Obama seems to have jumped on board but, as Dowd noted, in doing so he was “bypassing Joe Biden,” who must be feeling the lack of love given his service.

As Dowd wrote, the Hillary people were delighted with the lunch. “The Clintons can present those images as Obama passing the torch and bypassing Joe Biden, just as Bill once took a simple handshake from JFK during a Boys Nation visit to the White House and turned it into an Arthurian moment,” she wrote.

But what Obama wants and what we might get are two very different things nowadays.

Most pundits describe a disappointing Obama presidency that was built on great hope and expectation -- and a Nobel Prize before he hardly had his seat warmed -- which instead has degenerated into endless fights with Republicans and a stalled second term agenda.

There is little doubt that Hillary would have been effective given her experience and rooted knowledge of Washington.  But does that mean she would be the best choice for 2016?

There are good reasons why she did not win in 2008, Clinton fatigue among them.

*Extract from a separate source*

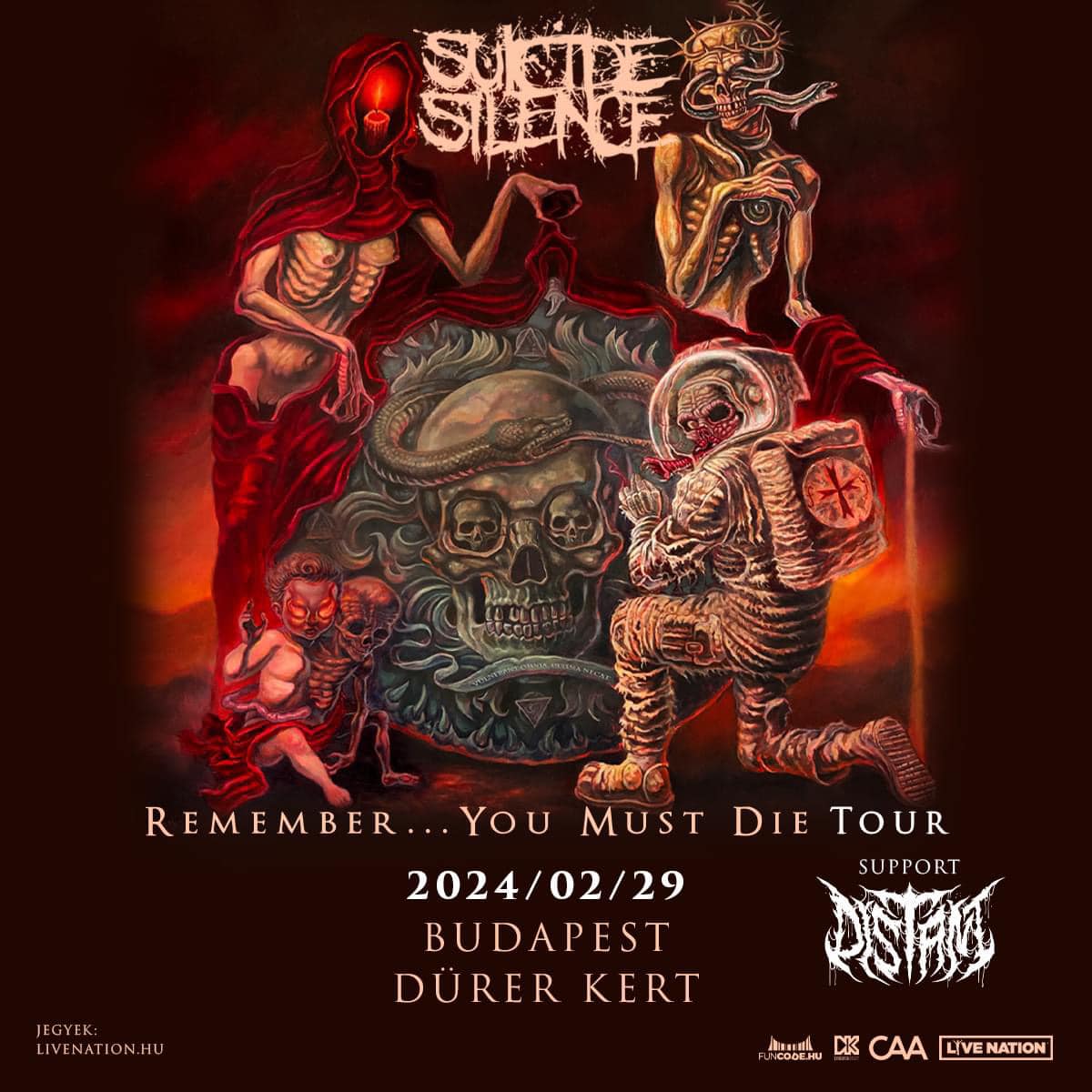 A szemfülesek már észrevehették korábban is, hogy február utolsó utáni napján a közönségkedvenc Distant fog bemelegíteni az legendás Suicide Silence-nek. Nagy öröm ez számunkra, hiszen a Distant már-már hazatérő vendék nálunk, és irgalmatlan bulikat szoktak csapni. Legutóbb a novemberi Lorna Shore előzenekarként lehetett elcsípni őket, ahol könyörtelen döngölést produkáltak a fiatalemberek. Nemutolsó sorban az aktuális, Heritage című lemezük igen nagy sikert aratott szerkesztőségünk köreiben is az évvégi szemlében. Nagyon hálásak vagyunk a budapesti szervezőknek, hogy az utóbbi időben felpörgették a deathcore közösséget és ennyi jó koncerttel látnak el minket.

Who is to say that will not resurface with a vengeance? Perhaps a bright new face, Governor Martin O’Malley from Maryland for example, will surface at the key moment.

Anointing Hillary as the next Democratic nominee is a dangerous business, which I think she would be the first person to acknowledge given her own political failures in the past.

Her major problem may be that many of those same key advisors who backed her into a dead end in 2008 are still clinging to the Clinton ship with the stickability of barnacles.

Obama jumping on board seems a tad premature to say the least. We’re not even in the first inning in campaign 2016. If the republicans see sense and pick Governor Chris Christie as their candidate they could well win the whole argument.

There is a lot of baseball to be played.